What Is NDT

What is NDT？

Testing is an integral part of equipment maintenance. It is critical to evaluate the materials, components, design, and structure of products and assets. Programs can be classified as destructive or non-destructive based on the state of the component under test after the detection is complete.

If the component is damaged during detection, the detection method used is called destructive detection. In contrast, nondestructive testing is carried out without causing damage to the equipment under test.

In this paper, we will focus on the different applications of nondestructive testing methods.

What is nondestructive testing?

Testing methods that do not compromise the structural integrity of the part under test are called nondestructive testing (NDT). NDT employs a variety of inspection techniques to evaluate components individually and collectively. It uses different principles from the fields of science (physics, chemistry, and mathematics) to examine components. NDT can also be called nondestructive assessment (NDE) or nondestructive testing (NDI).
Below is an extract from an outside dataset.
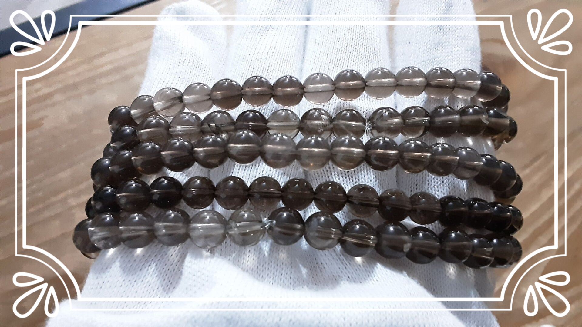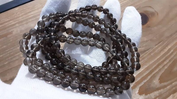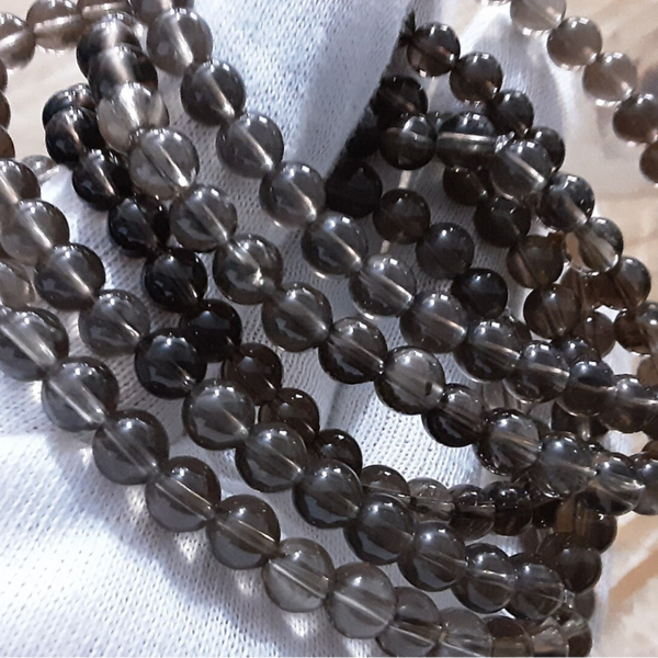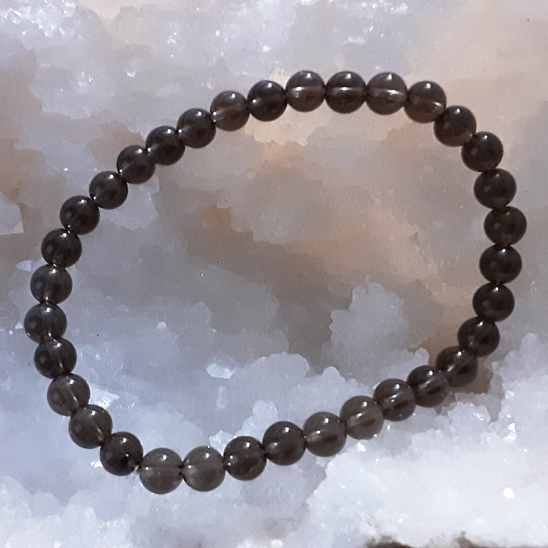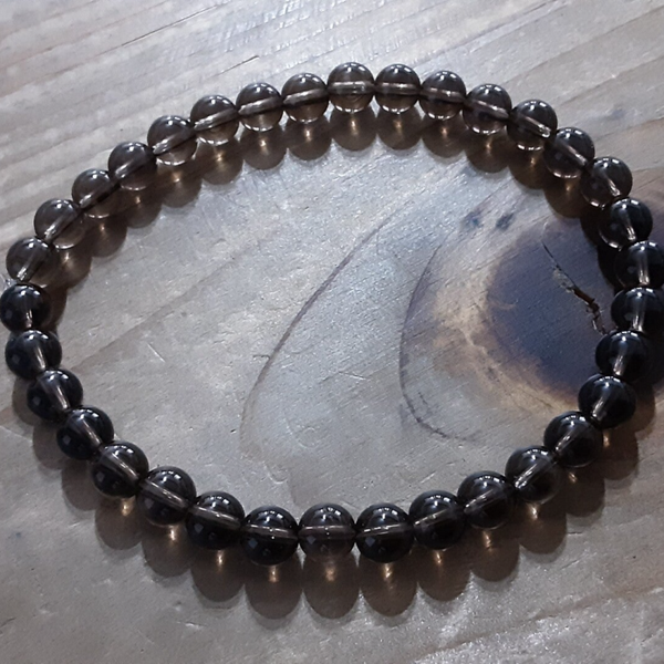 Bracelet monté sur fil silicone extensible, perles diamètre 6 mm, fil diamètre 0,6 mm en Quartz fumé.
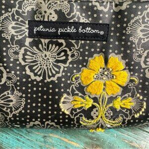 Adorable Petunia Pickle Bottom bag. It has multiple compartments inside its black lining..zippered compartmt in the back, snap in front & a zippered compartment on each end. Measurements 16x9x6. Vinyl fabric.

Let's imagine a piston running inside an engine being tested for defects or material degradation. The piston can be cut open to check for defects inside. However, once tested, even if the piston is found to be free of defects, the piston can no longer be used in the engine. This is a form of destructive detection.

The piston can be examined by radiography instead of cutting it open. We can use ionizing radiation (X-rays, gamma rays) to detect defects in components or material degradation. If it passes the test, the component is still usable. This is a form of nondestructive testing.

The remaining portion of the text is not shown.